Hi-
I am using httpclient in a multi-threaded webcrawler application. I am using
the MulitThreadedHttpConnectionManager in conjunction with 300 threads that
download pages from various sites.
Problem is that I am running out of memory shortly after the process begins. I
used JProfiler to analyze the memory stacks and it points to:
a.. 76.2% - 233,587 kB - 6,626 alloc.
org.apache.commons.httpclient.HttpMethod.getResponseBodyAsString
as the culprit (at most there should be a little over 300 allocations as there
are 300 threads operating at once).
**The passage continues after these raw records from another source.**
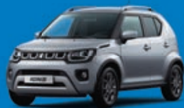
PREMIUM SILVER MÉTALLISÉE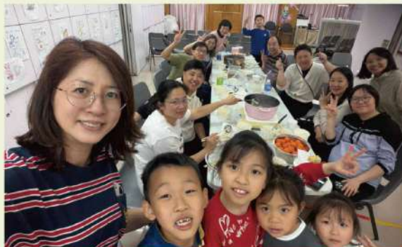
肢體們與English Fun Group家庭年初四舉行開心火鍋活動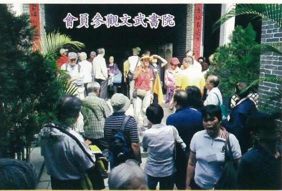
會員參觀文武書院

午飯於流浮山，享用少年廚神主理的精緻盆菜宴，席間會員聚首一堂開懷歡聚。午膳後於流浮山著名的海味一條街逛逛，親眼看見蠔王即席開蠔生晒，我亦買了數斤金蠔回家品嚐。流浮山著名特產又豈只蠔豉，還有其他海味，蠔油蠔汁等等，各團友都滿載而歸。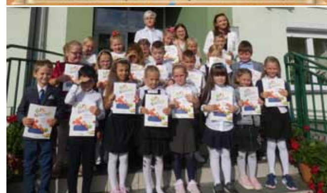
Klasa I SP im. Kornela Makuszyńskiego Wyszyna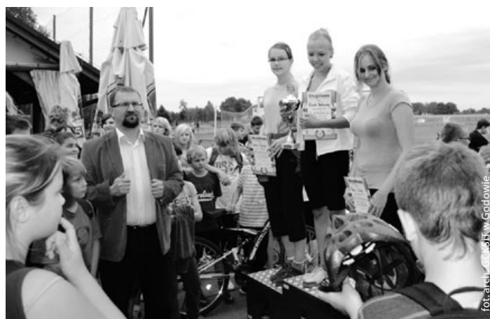
Dziewczyny – kl. II gimnazjum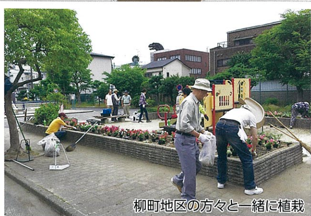
柳町地区の方々と一緒に植栽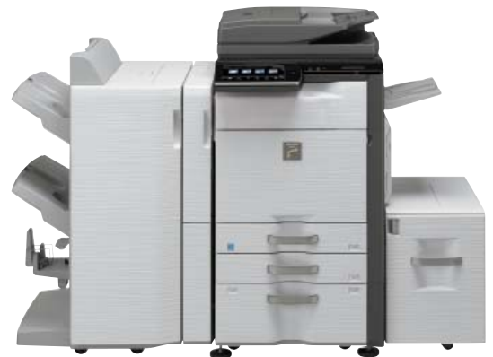
Unidad de base 4 K de acabado grapado (MX-FN18) Módulo de perforación (MX-PNX6A/C/D) Unidad de paso de papel Soporte con bandejas de 2.000 hojas Bandeja de salida Bandeja de gran capacidad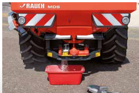
Prueba de expulsión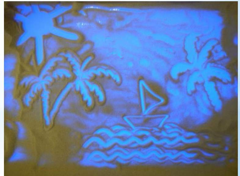
«Путешествие в жаркие страны» (6 лет)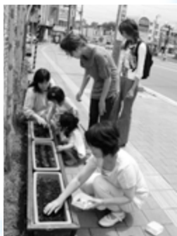
上・右：地域で亜麻を植える住民の皆さん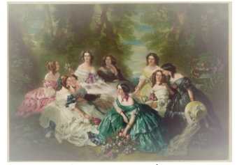
The empress Eugénie Franz-Xaver Winterhalter, 1855

"Il principio della saggezza è il timore del Signore, e conoscere il Santo è l'intelligenza" (Proverbi 9:10)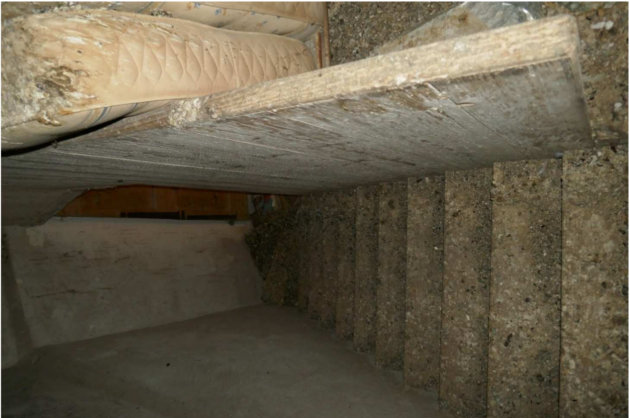
Le scale della soffitta viste dall'alto. Si nota il copioso strato di guano, perlopiù ormai secco.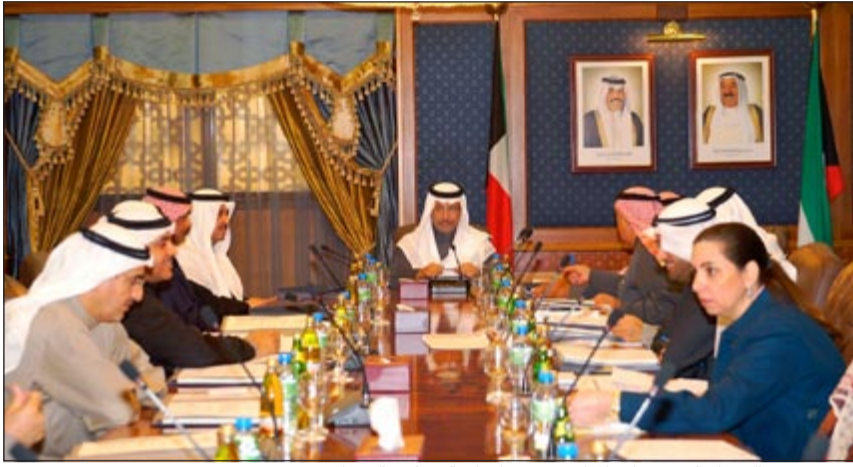
سمو رئيس الوزراء الشيخ جابر المبارك مترئسا جلسة مجلس الوزراء

استنكار الكويت وادانتها الشديدة لهذا العمل الإرهابي والاجرامي انطلاقا من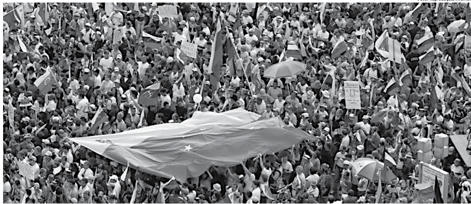
Situação política econômica tem levado milhares de venezuelanos às ruas para protestar contra o governo de Nicolás Maduro, que está em um ralo e sem nenhuma solução para os problemas.

A decisão do Supremo também foi criticada pela procuradora-geral da República venezuelana, Luisa Ortega - considerada pelos opositores uma aliada dos chavistas, que estão no poder há dezito anos. Ela disse que a medida constituía uma "ruptura da ordem constitucional e que tinha a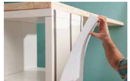
27. Als Pinnwand die mit dem Cutter zugeschnittene „Gutttagliss Hobbycolor“-Hartschaumplatte mit Montageband ankleben. Für die Optik haben wir zusätzlich hellblaue Filzstreifen über die Breite geklebt.

Other relevant information, I am on a
Windows XP Pro platform using the SUN JRE that came with jdk1.5.0_06. I am
using commons-httpclient-3.0.jar.
Here is the code where I initialize the HttpClient:
private HttpClient httpClient;
public CrawlerControllerThread(QueueThread qt, MessageReceiver receiver, int
maxThreads, String flag,
boolean filter, String filterString, String dbType) {
this.qt = qt;
this.receiver = receiver;
this.maxThreads = maxThreads;
this.flag = flag;
this.filter = filter;
this.filterString = filterString;
this.dbType = dbType;
threads = new ArrayList();
lastStatus = new HashMap();
HttpConnectionManagerParams htcmp = new HttpConnectionManagerParams();
htcmp.setMaxTotalConnections(maxThreads);
htcmp.setDefaultMaxConnectionsPerHost(10);
htcmp.setSoTimeout(5000);
MultiThreadedHttpConnectionManager mtcm = new
MultiThreadedHttpConnectionManager();
mtcm.setParams(htcmp);
httpClient = new HttpClient(mtcm);
}
The client reference to httpClient is then passed to all the crawling threads
where it is used as follows:
private String getPageApache(URL pageURL, ArrayList unProcessed) {
SaveURL saveURL = new SaveURL();
HttpMethod method = null;
HttpURLConnection urlConnection = null;
String rawPage = "";
try {
method = new GetMethod(pageURL.toExternalForm());
method.setFollowRedirects(true);
method.setRequestHeader("Content-type", "text/html");
int statusCode = httpClient.executeMethod(method);
// urlConnection = new HttpURLConnection(method,
// pageURL);
logger.debug("Requesting: "+pageURL.toExternalForm());
rawPage = method.getResponseBodyAsString();
//rawPage = saveURL.getURL(urlConnection);
if(rawPage == null){
unProcessed.add(pageURL);
}
return rawPage;
} catch (IllegalArgumentException e) {
//e.printStackTrace();
}
catch (HttpException e) {
//e.printStackTrace();
} catch (IOException e) {
unProcessed.add(pageURL);
//e.printStackTrace();
}finally {
if(method != null) {
method.releaseConnection();
}
try {
if(urlConnection != null) {
if(urlConnection.getInputStream() != null) {
urlConnection.getInputStream().close();
}
}
} catch (IOException e) {
// TODO Auto-generated catch block
e.printStackTrace();
}
urlConnection = null;
method = null;
}
return null;
}
As you can see, I release the connection in the finally statement, so that
should not be a problem. Upon running the getPageApache above the returned page
as a string is processed and then set to null for garbage collection. I have
been playing with this, closing streams, using HttpUrlConnection instead of the
GetMethod, and I cannot find the answer. Indeed it seems the answer does not
lie in my code.
I greatly appreciate any help that anyone can give me, I am at the end of my
ropes with this one.
James